Once the images are removed, set down everything else in the listing below exactly.

- PROVIDED MATERIAL:
-=-=-=-=-

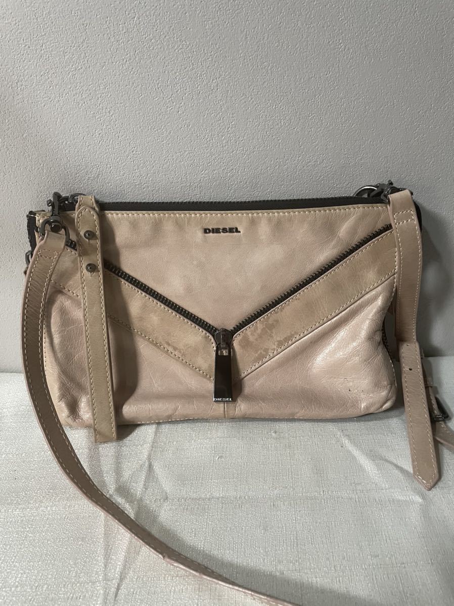 本革ディーゼルDIESELショルダーバッグ鞄グレーレディース通勤通学仕事ビジネス旅行トラベル
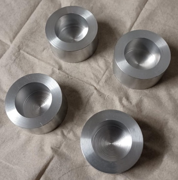 Ich brauchte also neue Deckel für die Endtöpfe, zuvor DB-Killer genannt! Ein Stück passendes Alu habe ich im Internet gefunden und jemanden, der mir daraus die abgebildeten 4 Deckel dreht (davon 2 für spätere Versuche, falls notwendig!). Über die damit verbundenen Kosten decke ich hier mal den Mantel des Schweigens!
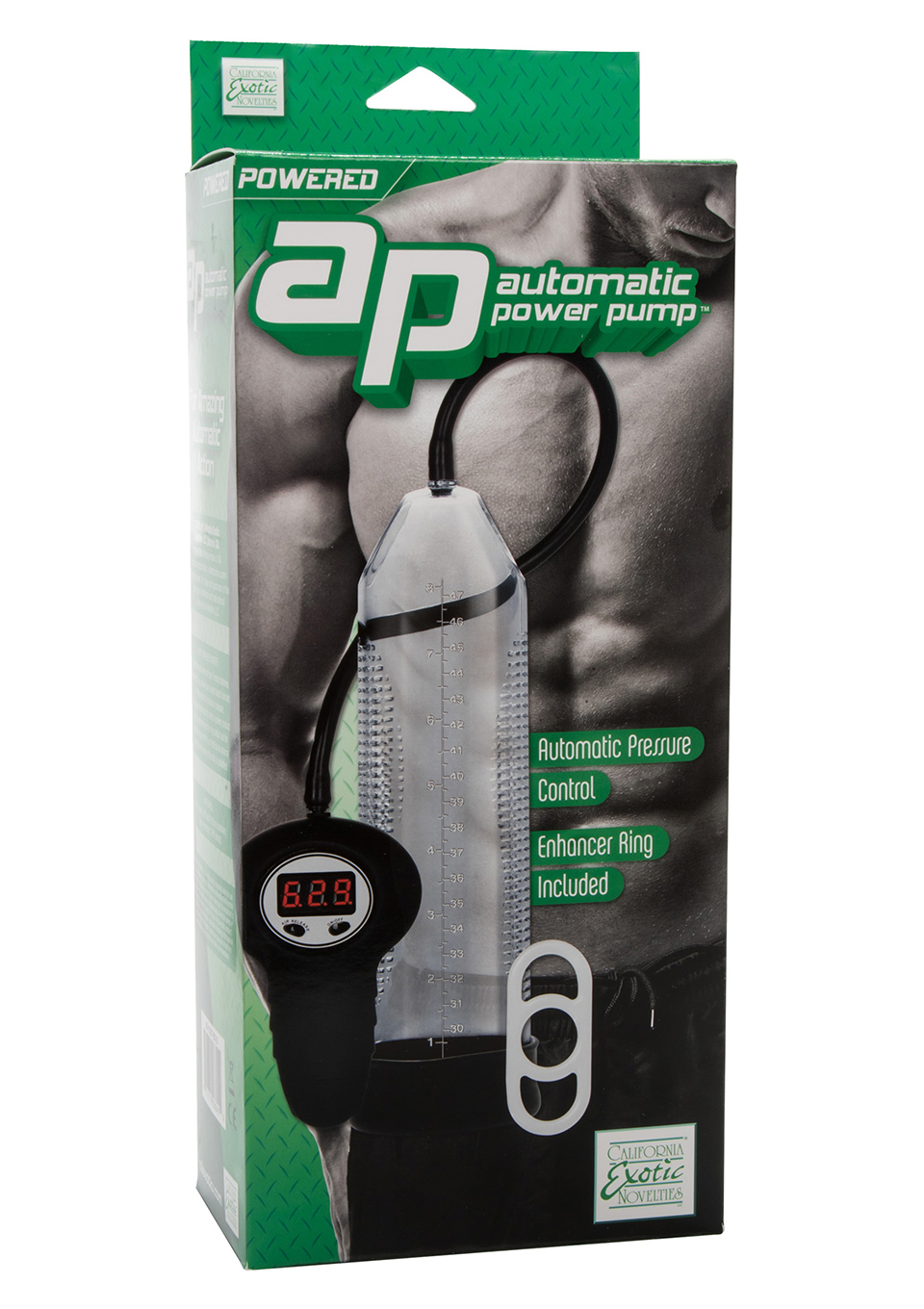 Автоматическая помпа для мгновенного увеличения члена. Имеет прозрачный цилиндр с размерной шкалой и ребристой внутренней поверхностью, дисплей для контроля уровня давления и кнопку для быстрого выпуска воздуха. Длина автоматической помпы - 25,5 см, диаметр - 6 см. Материал - силикон. Страна производитель - США.
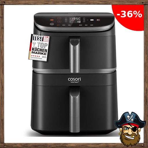 COSORI Airfryer, Heißluftfritteuse Pi!rate-Deals 2 Kammern, 10,8 L Heissluftfrit…

-=-=-=-=-

- RESULT OF THE TASK:
 本革ディーゼルDIESELショルダーバッグ鞄グレーレディース通勤通学仕事ビジネス旅行トラベル
 Ich brauchte also neue Deckel für die Endtöpfe, zuvor DB-Killer genannt! Ein Stück passendes Alu habe ich im Internet gefunden und jemanden, der mir daraus die abgebildeten 4 Deckel dreht (davon 2 für spätere Versuche, falls notwendig!). Über die damit verbundenen Kosten decke ich hier mal den Mantel des Schweigens!
 Автоматическая помпа для мгновенного увеличения члена. Имеет прозрачный цилиндр с размерной шкалой и ребристой внутренней поверхностью, дисплей для контроля уровня давления и кнопку для быстрого выпуска воздуха. Длина автоматической помпы - 25,5 см, диаметр - 6 см. Материал - силикон. Страна производитель - США.
 COSORI Airfryer, Heißluftfritteuse Pi!rate-Deals 2 Kammern, 10,8 L Heissluftfrit…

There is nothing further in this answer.